- Born: 1676 Wesenberg, Holy Roman Empire
- Died: 4 January 1752 (aged 75–76) Beidenfleth, Denmark–Norway
- Education: Martin Luther University of Halle-Wittenberg
- Occupations: Clergyman, missionary

= Heinrich Plütschau =

German missionary

Heinrich Plütschau (last name also Plütschow or Plütscho; 1676, Wesenberg, Germany – 4 January 1752, Beidenfleth, Germany) was along with Bartholomäus Ziegenbalg, the first German Lutheran priest to arrive in India.

==Life and work==
Plütschau attended Friedrichswerdersches Gymnasium in Berlin with Joachim Lange as rector and then, studied Theology at the Martin Luther University of Halle-Wittenberg. There he came into contact with August Hermann Francke, the founder of the Francke Foundations. On a request of the Danish King Frederick IV for potential missionaries, Plütschau and his peer Ziegenbalg, were suggested by Lange. In 1705, they travelled to the Danish colony of Tranquebar on the southeastern coast of India, known as the Danish-Halle Mission.

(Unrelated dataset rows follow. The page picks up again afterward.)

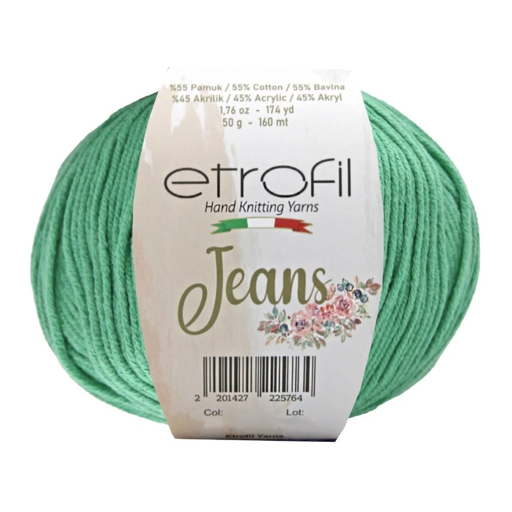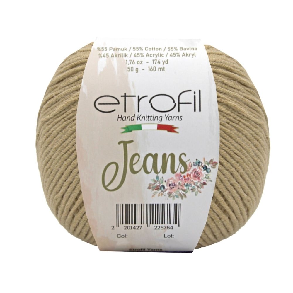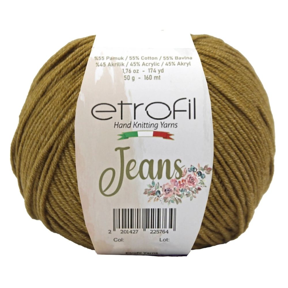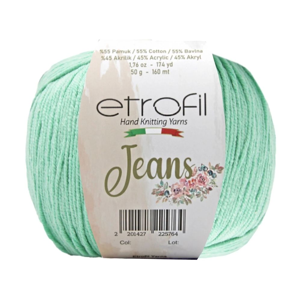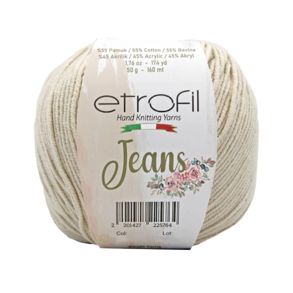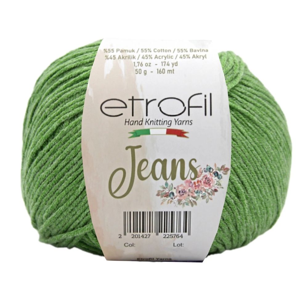 Etrofil Jeans allie la douceur respirante du coton à l'élasticité résistante de l'acrylique, pour un résultat sportif : un fil fin, doux et peu sujet au boulochage. Avec 160 mètres par écheveau de 50 grammes, ce fil polyvalent est idéal pour de nombreux projets, tels que gilets, pulls, châles, décorations d'intérieur et surtout amigurumis, grâce à sa texture fine et à l'excellente définition de ses points. Disponible dans une large palette de couleurs tendance, Etrofil Jeans est un incontournable pour les tricoteurs et crocheteurs en quête de confort et de résultats éclatants de couleurs.
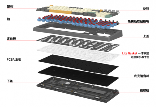 其實(shí)GASKET(軟彈)結(jié)構(gòu)早先是由國外客制化團(tuán)隊提出的,他們通過墊圈軟連接固定,使得鍵盤整體手感和按壓表現(xiàn)軟、彈的同時,還能有效降低空腔雜音;但它的結(jié)構(gòu)穩(wěn)定性較弱,而小呆蟲的開發(fā)團(tuán)隊對該結(jié)構(gòu)進(jìn)行了調(diào)整、改進(jìn),變?yōu)?輕彈 Gakset,它既有墊圈的這種軟連接的好處,有消音和抑制共振的能力,又有硬連接的結(jié)構(gòu),保持它的穩(wěn)定,輕彈 Gasket相關(guān)產(chǎn)品推出后迅速得到了市場的認(rèn)可,充分體現(xiàn)了SKYLOONG小呆蟲對客制化市場需求、技術(shù)方向的準(zhǔn)確判斷。
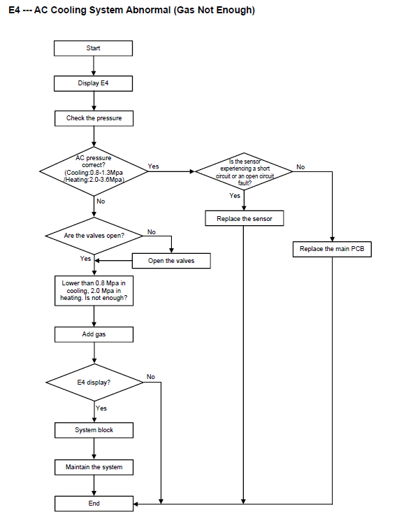 E4 error codeUpdated an hour agoIntroductionThe "E4" error code indicates the AC cooling system is operating abnormally. This error may occur if the system does not have enough gas. The error code is for Diamante series systems. Troubleshooting Diagram Was this article helpful? YesNoE4 error codeIntroductionTroubleshooting Diagram
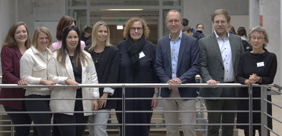 Neben dem Orga-Team (von links) Frau Adamec, Frau Funk, Frau Weiß, Frau Balukcic, Frau Kögler, waren auch die Schulleiterin Birgits Bürk, Herr Markus Beier von der IHK, sowie die Zentrumsschulleiter und Herr Ilg (GSWN) und Frau Klumpp (MMS) von der Veranstaltung begeistert.
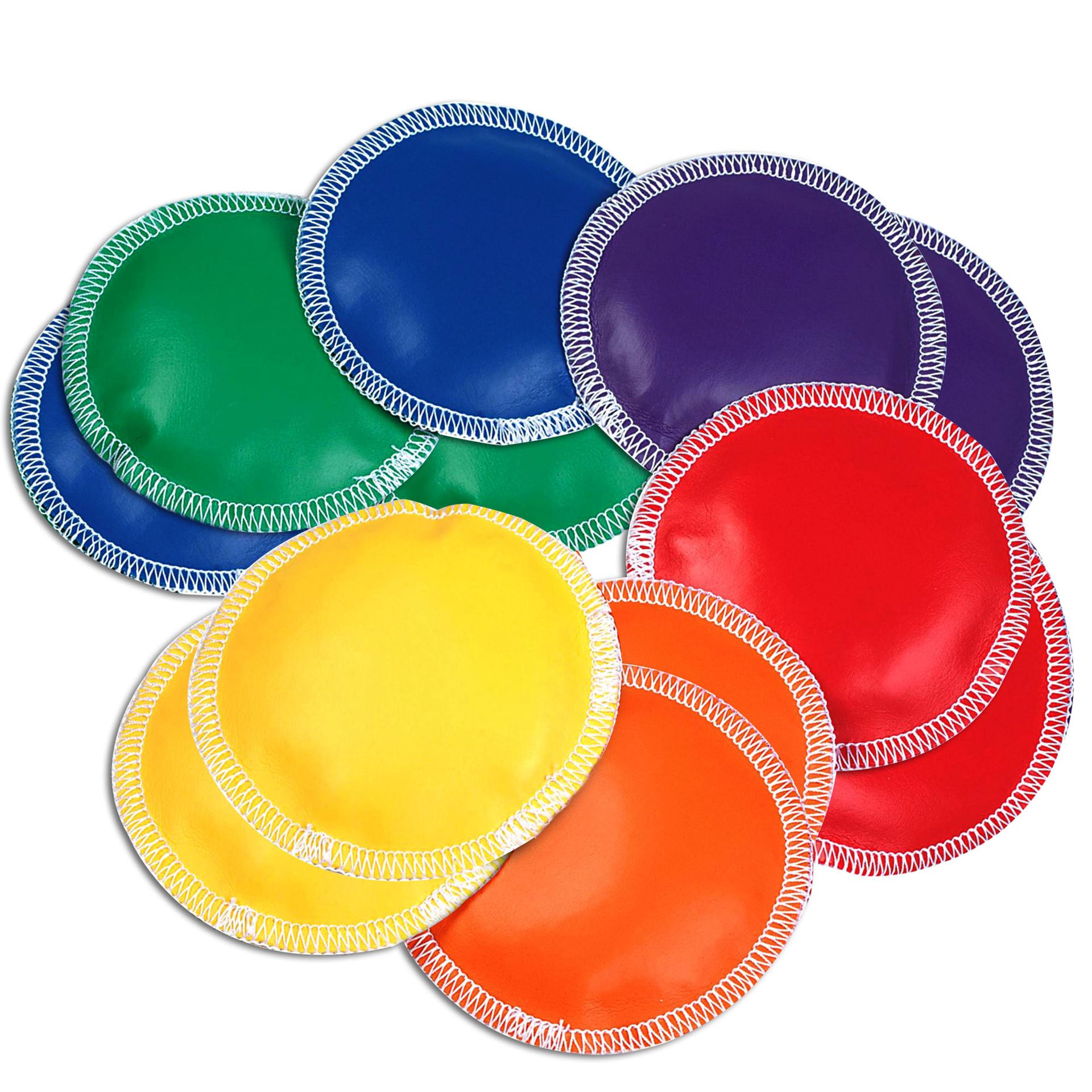 圆形沙包,六色,每色两个。边缘缝制紧密。表面PVC面料,清洁擦拭方便。可用于各种沙包游戏。
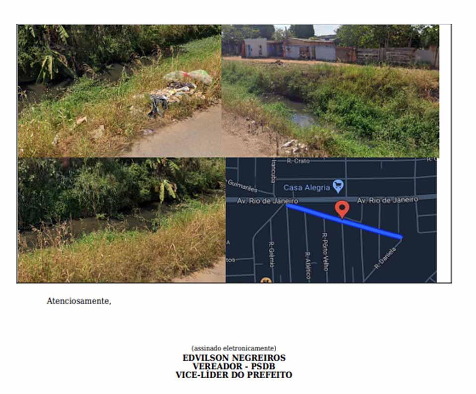 O ofício enfatiza a importância de aproveitar o período de estiagem para realizar os trabalhos de limpeza, prevenindo assim uma deterioração ainda maior das condições de saúde e segurança dos moradores locais. O pedido inclui imagens que ilustram o estado atual do canal e um mapa indicando a área afetada.
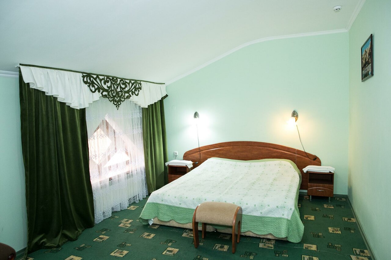 Остановились семьей на ночь перед Рождеством .Номер 3 х местный. Темпло, перед сном проветрили.Приятно, что тихо, можно выспаться.Постельное чистое. Сан узел вымыт хорошо. Обои в пятнах от вина или шампанского , заметили их не сразу. Из окна номера видна была гора Собер Баш, вдалеке, но легко узнать ее по рельефу вершины.В целом, рекомендую

The missionaries had already begun, during the voyage, to learn Portuguese, the lingua franca and the local Indian language, Tamil. With increasing work, the missionaries shared their community tasks. Plütschau focused on the parishioners who spoke Portuguese and Ziegenbalg on the Tamil-speaking community because of his particular language skills. In 1711, Plütschau returned to Germany for health reasons. There he brought out Luther's Small Catechism in Tamil and taught mission candidates in the language. In 1714, he received the pastorate of Beidenfleth, ruled at the time by the Danish Crown, where he worked until 1750. He died two years later.